I saw this on a forum I use:
But, as it seems I don’t build etched brass kits or even whitemetal ones some will say that I’m not a modeller
Who are these “some”? I haven’t met any of them.
Anyone who goes beyond simply opening boxes is a modeller and the idea that you have to build etched brass kits to become a modeller is nonsense.
This is akin to those who refer to, for want if a better way of putting it, “finescalers” as elitist. Well, I know some of the best modellers in the country, and not one of them is in anyway elitist. Sure, they want to make their models as accurate as possible, to the finest possible standards, etc, but not one of them has ever told me that everyone else must do the same, or that anyone who doesn’t is somehow not worth anything. And all of them, and I do mean every single one, are prepared to share their techniques with anyone who is interested. The only complaint I ever hear from them is that too many are afraid to try.
Personally, I am getting sick and tired of it. We all have limitations, be they time, money, space or skills, but we can increase and improve our skills given time a degree of time. And time can replace money, too: start with raw materials and learn their properties, and acquire the basic tools to work with them. Cutting out and embossing takes longer than buying etchings, yes, but the mistakes and hence the lessons learned are your own, and with time these mistakes are replaced with new ones, and new lessons.
The only times I see the idea that what someone is doing isn’t good enough to be “proper modelling” is from their own minds. There are no right and wrong ways to be a modeller: just putting some personal effort into making a model look more like the real thing, which is as much about careful observation of the real thing as it is about anything else. And you don’t have have to go back in time to see how dirt and weathering affect things.

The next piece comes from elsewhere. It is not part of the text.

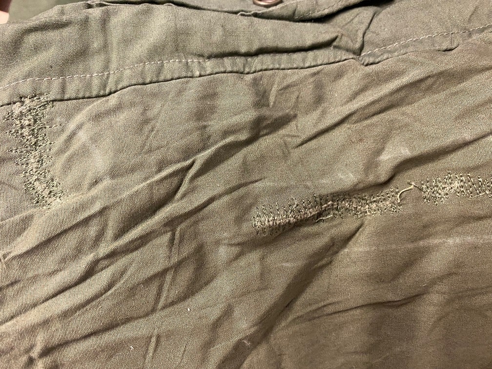Used with plenty of wear but no major holes, repairs. Very serviceable. Does not include lace-in strap. About 90″ long overall. Weighs 2.5 lbs.
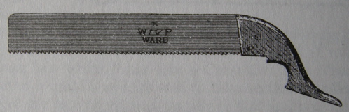 This illustration is from a Ward and Payne Ltd., Sheffield catalog, circa 1910’s. This is called a Turkish Saw (aka. Monkey saw) According to Salaman’s Dictionary of woodworking tools, they are common in Greece, Crete and Turkey and are used as a dovetail or small tenon saw. Again, it cuts eastern style on the pull stroke, so the blade can be made thinner. And like the knife above, the handle looks very comfortable, since it extends near to the wrist at the very end.

No, when I see people refer to “some”, I generally incline to the view that the speaker is the “some”, and rather than admit that they feel they could do better, they project their disappointment onto a perceived elite which doesn’t exist. Feeling that you could achieve more and better is quite possibly the defining characteristic of the human condition: it drives us to self-improvement, to every model being slightly better than the previous one (in the early stages, to every model being significantly better than the previous one) until we reached a point where the law of diminishing returns starts to kick in.
From what I have observed, that doesn’t usually happen until one is well advanced into one’s dotage.
As the Bard put it,
From this nettle, danger, we pluck this flower, safety.